6/30 BOJ Tankan (the large-manufacturer sentiment index): seen as a signal for the BOJ’s next-hike path. Tokyo’s core-core CPI already turned hotter last week (+1.9%), dragging hike expectations from December to October; if the Tankan is similarly firm → hawkish pricing strengthens again. Watch USD/JPY at 161.93 and the 162 intervention line — the yen’s RSI 80.28 is already a 40-year extreme, but the ~250bp Fed–BOJ rate gap is still a wall pinning the yen; intervention can only produce a local low, not change the direction of the rate differential.
API/EIA weekly crude reports around 7/1: the 6/24 EIA report already confirmed a commercial crude draw of -6.1M. The next one shows whether the draw persists — a first build would confirm “physical normalization” and push oil to converge toward the back-end $70–74 and stabilize; a continued large draw keeps the paper (RSI 18) vs. physical divergence alive and leaves room for the extreme oversold to recover.
7/3 nonfarm payrolls (NFP): together with the 6/30 Tankan and the Doha talks, this forms the week’s three catalysts, jointly setting the two-way path for DXY and the JPY. A strong NFP → the Warsh hiking path plus a locked rate gap → upward pressure on USD/JPY; a weak NFP → the rate-narrowing expectation returns → the carry-unwind window reopens.
The Day-60 service-fee showdown (~mid-August, aligned with the 8/21 sanctions-waiver expiry): this weekend’s escalation-then-stand-down cycle again proved the structural divergence is continuing rather than healing.
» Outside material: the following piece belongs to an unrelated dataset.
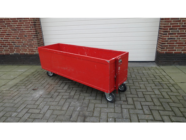 Bak/kist op 4x zwenkwielen waarvan 2x geremd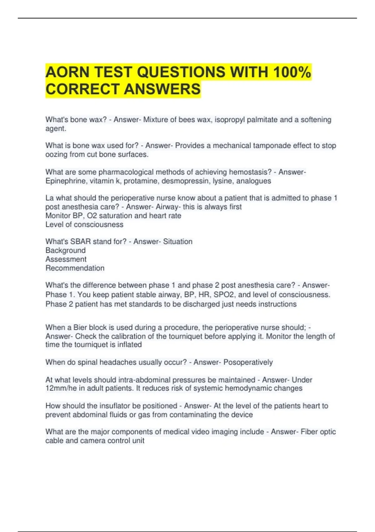 AORN TEST QUESTIONS WITH 100% CORRECT ANSWERS

The market currently assigns zero weight to the fee dispute — precisely the setup for a late-summer war-premium repricing. Watch the back end of the Brent curve (now ~$74): a move toward $80+ means accepting a structural permanent premium; a slide back toward $65 means betting on a full return to pre-war conditions.
Section 122’s global 10% tariff expires 7/24 (about 25 days out): renewal, escalation, or a switch to Section 301 are all possible. No new ruling this week; the market will start pricing the expiry scenarios around mid-July.
Risk Disclaimer
This article is public market commentary and personal research notes. It does not constitute investment advice.